Rey penasaran, "Fadian itu tampangnya kayak gimana?"

"Nggak ganteng sih. Masih gantengan Mas kok, tapi dia manis. Nggak bosen gitu lihatnya. Hm ..., mirip Noah Centineo delapan persen," jawab Bia lalu tertawa selam beberapa detik. Kemudian, berhenti setelah dirasanya Rey tak menangkap leluconnya lucu.

"Dan sekarang ada yang deketin dia?" tanya Rey tanpa sadar. Ia teringat saat di rumah sakit, Seva pernah bilang, ada yang mendekatinya. Namun, anak perempuan itu juga ragu.
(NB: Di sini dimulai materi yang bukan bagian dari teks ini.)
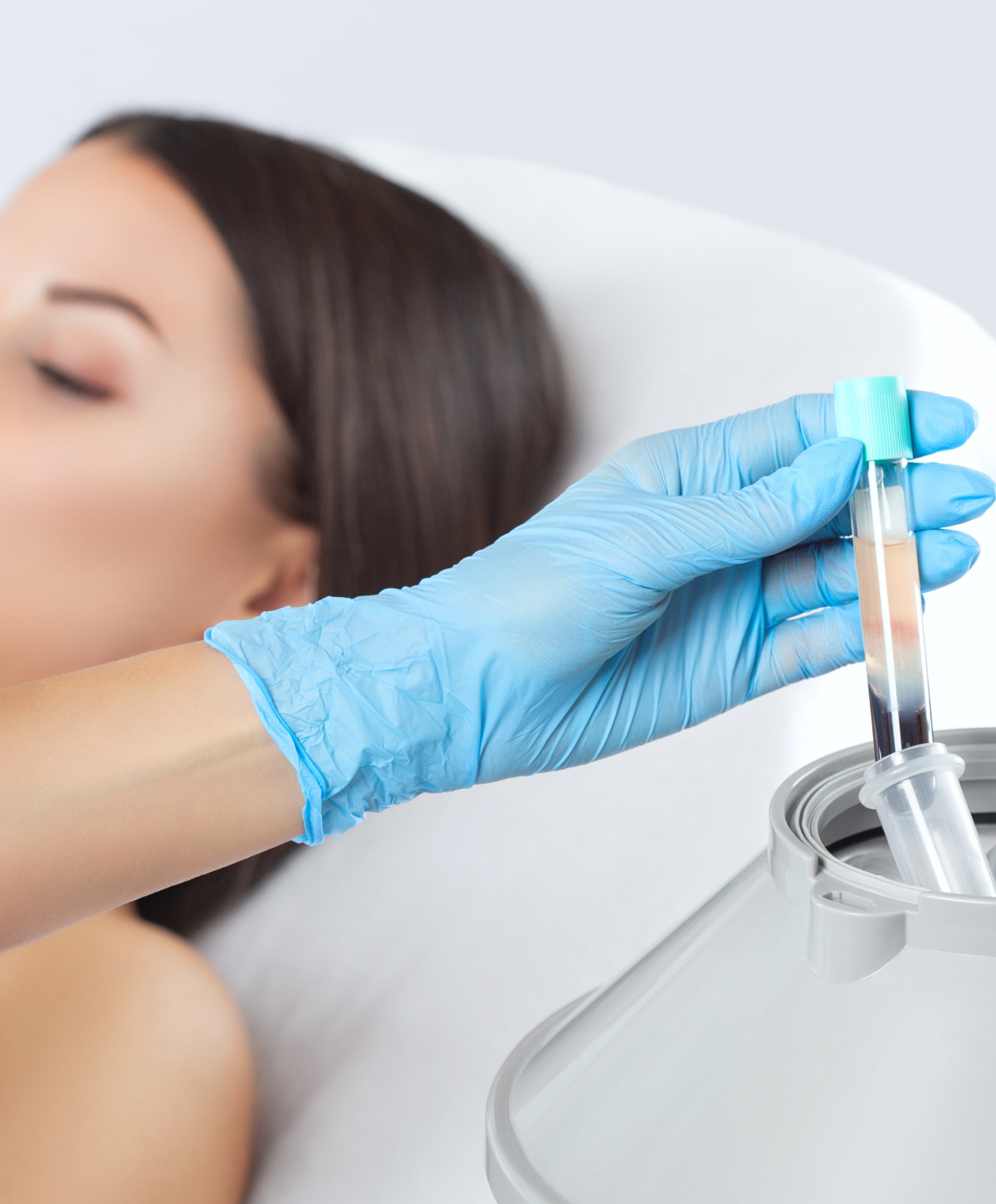 Platelet-Rich Plasma (PRP) therapy involves using a concentration of a person’s own platelets to accelerate the healing of injured tendons, ligaments, muscles, and joints. The use of PRP for aesthetics has become widely popular with the Vampire PRP facial. In the context of hair loss, PRP is used to stimulate dormant hair follicles to promote new hair growth and thicken existing hair.

"Ada, si Jevin, temennya Deon. Cuma udah seminggu lebih nggak teguran. Jevinnya keterlaluan sih."

"Keterlaluan gimana?"

Bia mengatakan, Jevin menduga Seva hamil di luar nikah, karena mau menerima Jevin asalkan lelaki itu berani melamarnya. "Seva jadi nangis tiga hari. Keterlaluan banget, kan, Mas? Aku aja emosi dengernya."

"Seva kuat, ya," ujar Rey─bermaksud pujian.

Senyum bangga Bia tampilkan. Ia tampak seperti seorang Ibu yang senang dengan anaknya. "Banget walaupun banyak nangis. Aku salut sama dia."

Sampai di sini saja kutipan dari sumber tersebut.